## Data supplied
• • • • • • •

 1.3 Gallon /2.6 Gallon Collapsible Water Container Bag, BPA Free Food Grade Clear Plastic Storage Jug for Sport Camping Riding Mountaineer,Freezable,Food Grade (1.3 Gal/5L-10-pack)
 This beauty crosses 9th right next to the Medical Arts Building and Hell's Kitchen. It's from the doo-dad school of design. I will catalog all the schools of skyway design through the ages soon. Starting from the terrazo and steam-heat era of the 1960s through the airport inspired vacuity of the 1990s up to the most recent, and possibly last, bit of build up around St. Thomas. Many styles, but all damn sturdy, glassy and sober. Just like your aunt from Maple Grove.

• • • • • • •

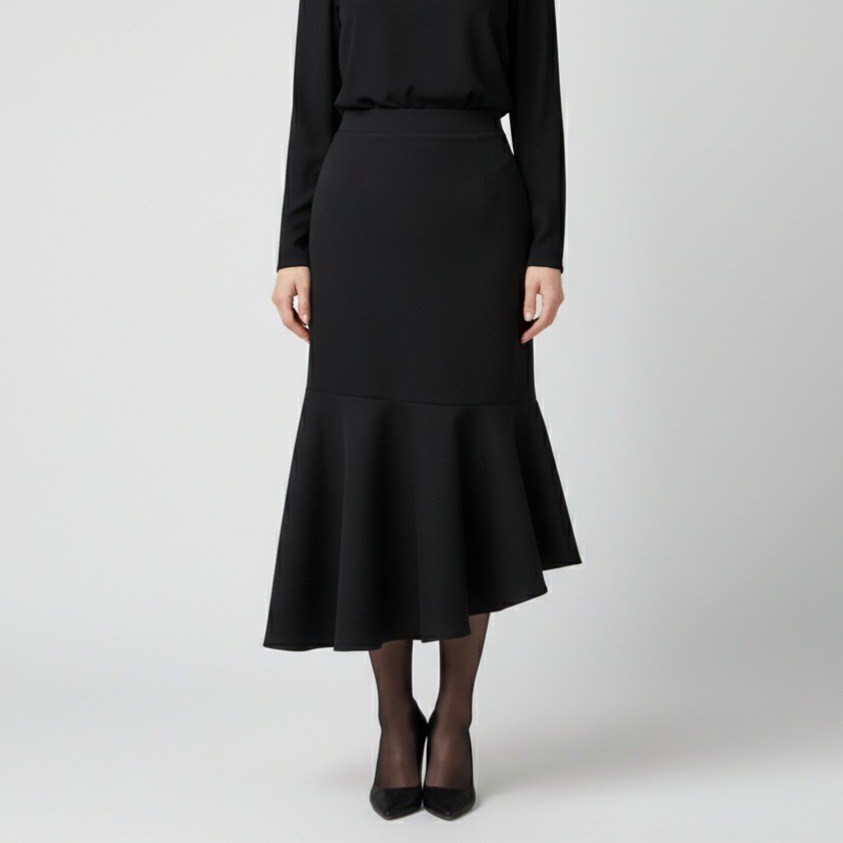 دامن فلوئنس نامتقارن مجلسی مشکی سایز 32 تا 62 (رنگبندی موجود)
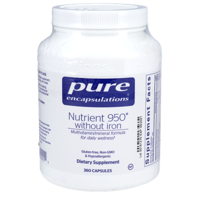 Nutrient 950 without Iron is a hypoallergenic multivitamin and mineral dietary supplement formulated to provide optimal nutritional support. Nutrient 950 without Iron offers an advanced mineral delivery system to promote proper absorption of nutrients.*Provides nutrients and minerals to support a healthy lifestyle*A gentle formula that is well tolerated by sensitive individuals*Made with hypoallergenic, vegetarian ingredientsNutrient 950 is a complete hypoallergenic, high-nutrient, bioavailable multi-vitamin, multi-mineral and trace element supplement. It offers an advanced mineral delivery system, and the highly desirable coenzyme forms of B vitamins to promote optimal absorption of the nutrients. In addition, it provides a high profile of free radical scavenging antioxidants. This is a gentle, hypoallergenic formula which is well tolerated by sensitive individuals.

• • • • • • •

## Exercise
Return only the part of the records above that opens with the line containing "1.3 Gallon /2.6" and closes with the line containing "This beauty crosses", ends included.

## Result of this task
 1.3 Gallon /2.6 Gallon Collapsible Water Container Bag, BPA Free Food Grade Clear Plastic Storage Jug for Sport Camping Riding Mountaineer,Freezable,Food Grade (1.3 Gal/5L-10-pack)
 This beauty crosses 9th right next to the Medical Arts Building and Hell's Kitchen. It's from the doo-dad school of design. I will catalog all the schools of skyway design through the ages soon. Starting from the terrazo and steam-heat era of the 1960s through the airport inspired vacuity of the 1990s up to the most recent, and possibly last, bit of build up around St. Thomas. Many styles, but all damn sturdy, glassy and sober. Just like your aunt from Maple Grove.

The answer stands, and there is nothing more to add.